Aim of the exercise -> The data must be given again exactly as written, with all images omitted.

Data extract ->
-- -- --

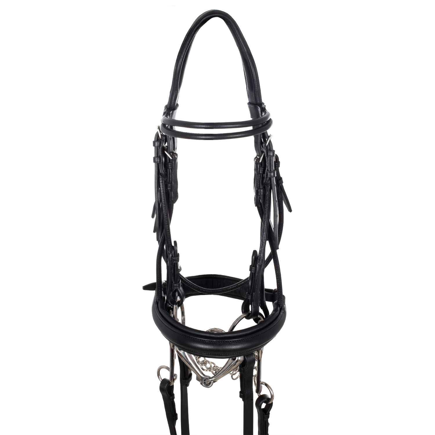 Briglia inglese sagomata e realizzata in morbido cuoio di alta qualità con fibbie in acciaio inox per renderla ancora più resistente.
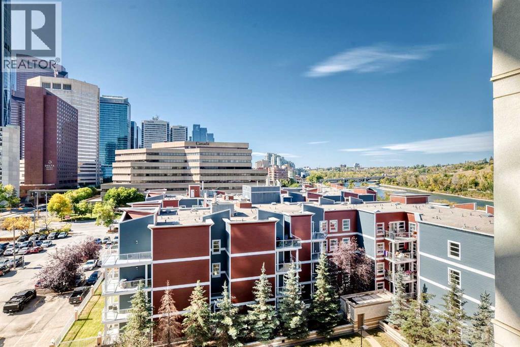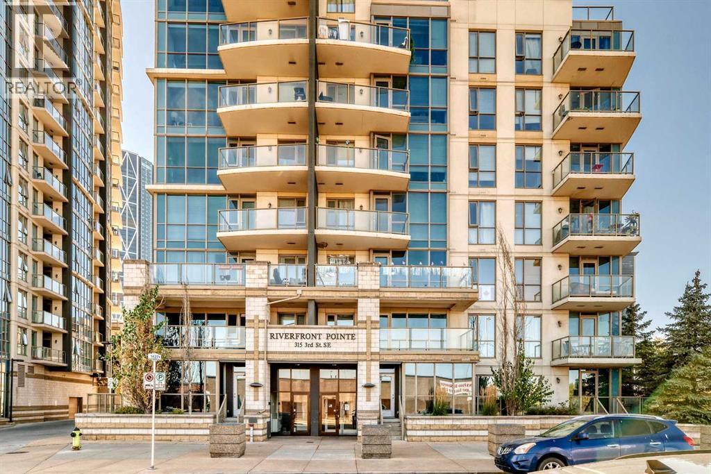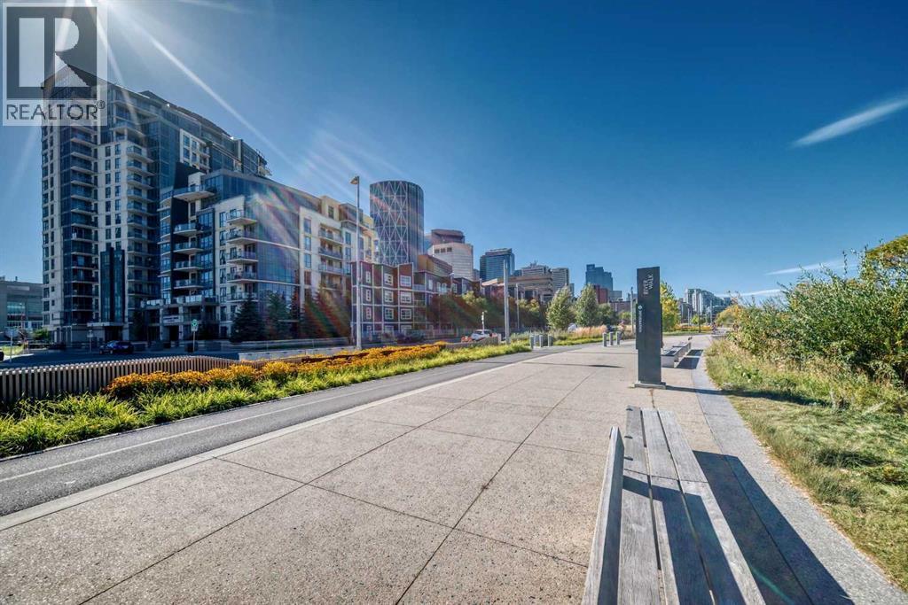 Welcome to Riverfront Pointe! This bright 7th floor west corner suite offers 2 bedrooms, 2 bathrooms + a flex/office area with unobstructed views of the Bow River and Downtown skyline. The open-concept layout features granite counters, designer tile backsplash, black appliances, eating bar, laminate flooring, and floor-to-ceiling windows that flood the home with natural light. The primary bedroom includes a 4-piece ensuite, while the second bedroom and full bath add flexibility for guests or a home office. In-suite laundry adds everyday conveniencBuilding amenities include a fitness centre, landscaped courtyard, concierge service, keyless entry, bike storage, and a titled underground parking stall located just steps from the elevator. Enjoy the ultimate urban lifestyle—walk to the Calgary Zoo in 10 minutes, City Hall LRT in 2 blocks. Enjoy being steps away from river pathways, parks, Chinatown, Eau Claire, and the best of downtown dining and entertainment.An excellent investment opportunity—previous tenant paid $2,500/month. Pet-friendly (with board approval). (id:6769
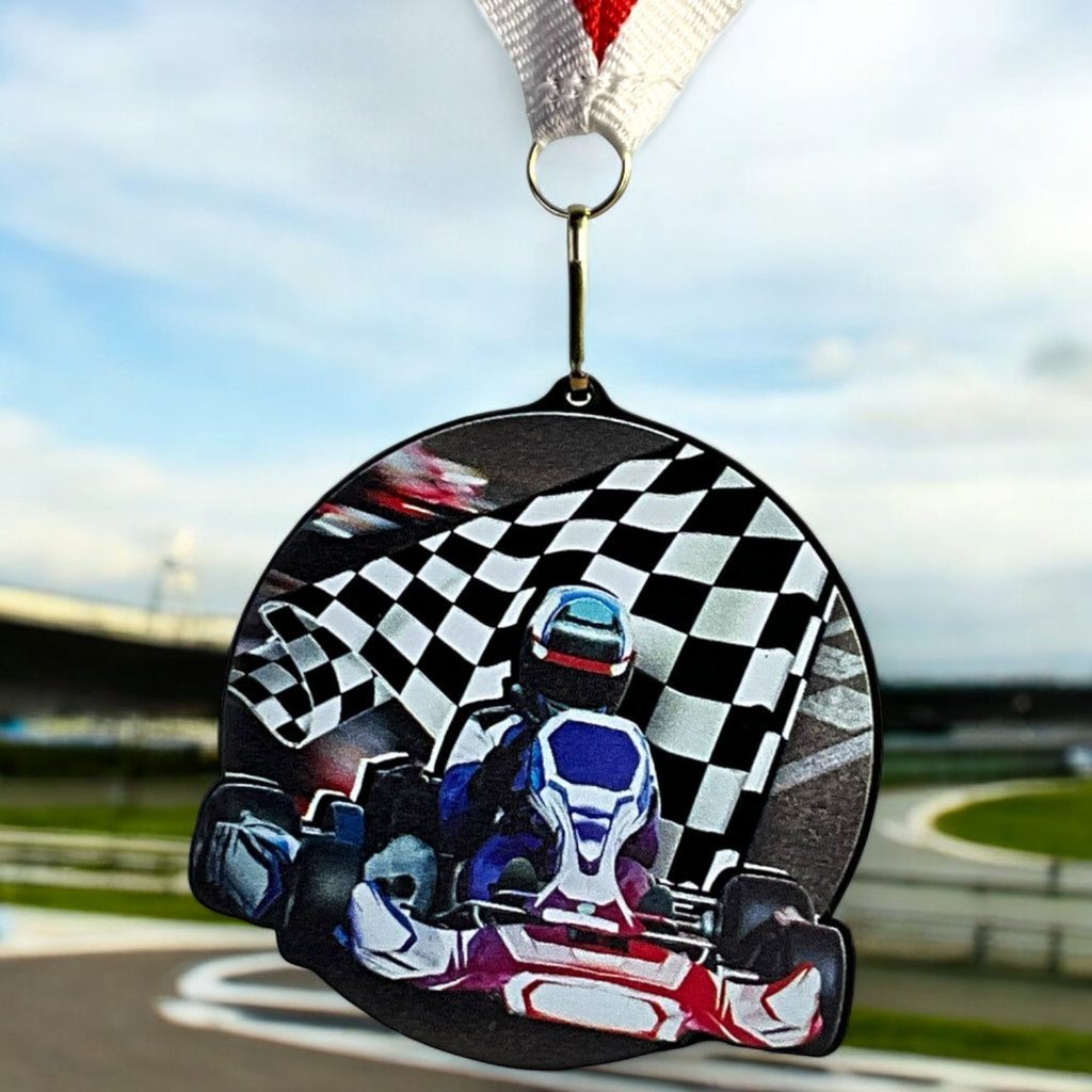 Celebrate achievement with the Rincon Colour Go Kart Black Acrylic Medal, a striking and contemporary award designed to stand out.

-- -- --

Exercise result ->
 Briglia inglese sagomata e realizzata in morbido cuoio di alta qualità con fibbie in acciaio inox per renderla ancora più resistente.
 Welcome to Riverfront Pointe! This bright 7th floor west corner suite offers 2 bedrooms, 2 bathrooms + a flex/office area with unobstructed views of the Bow River and Downtown skyline. The open-concept layout features granite counters, designer tile backsplash, black appliances, eating bar, laminate flooring, and floor-to-ceiling windows that flood the home with natural light. The primary bedroom includes a 4-piece ensuite, while the second bedroom and full bath add flexibility for guests or a home office. In-suite laundry adds everyday conveniencBuilding amenities include a fitness centre, landscaped courtyard, concierge service, keyless entry, bike storage, and a titled underground parking stall located just steps from the elevator. Enjoy the ultimate urban lifestyle—walk to the Calgary Zoo in 10 minutes, City Hall LRT in 2 blocks. Enjoy being steps away from river pathways, parks, Chinatown, Eau Claire, and the best of downtown dining and entertainment.An excellent investment opportunity—previous tenant paid $2,500/month. Pet-friendly (with board approval). (id:6769
 Celebrate achievement with the Rincon Colour Go Kart Black Acrylic Medal, a striking and contemporary award designed to stand out.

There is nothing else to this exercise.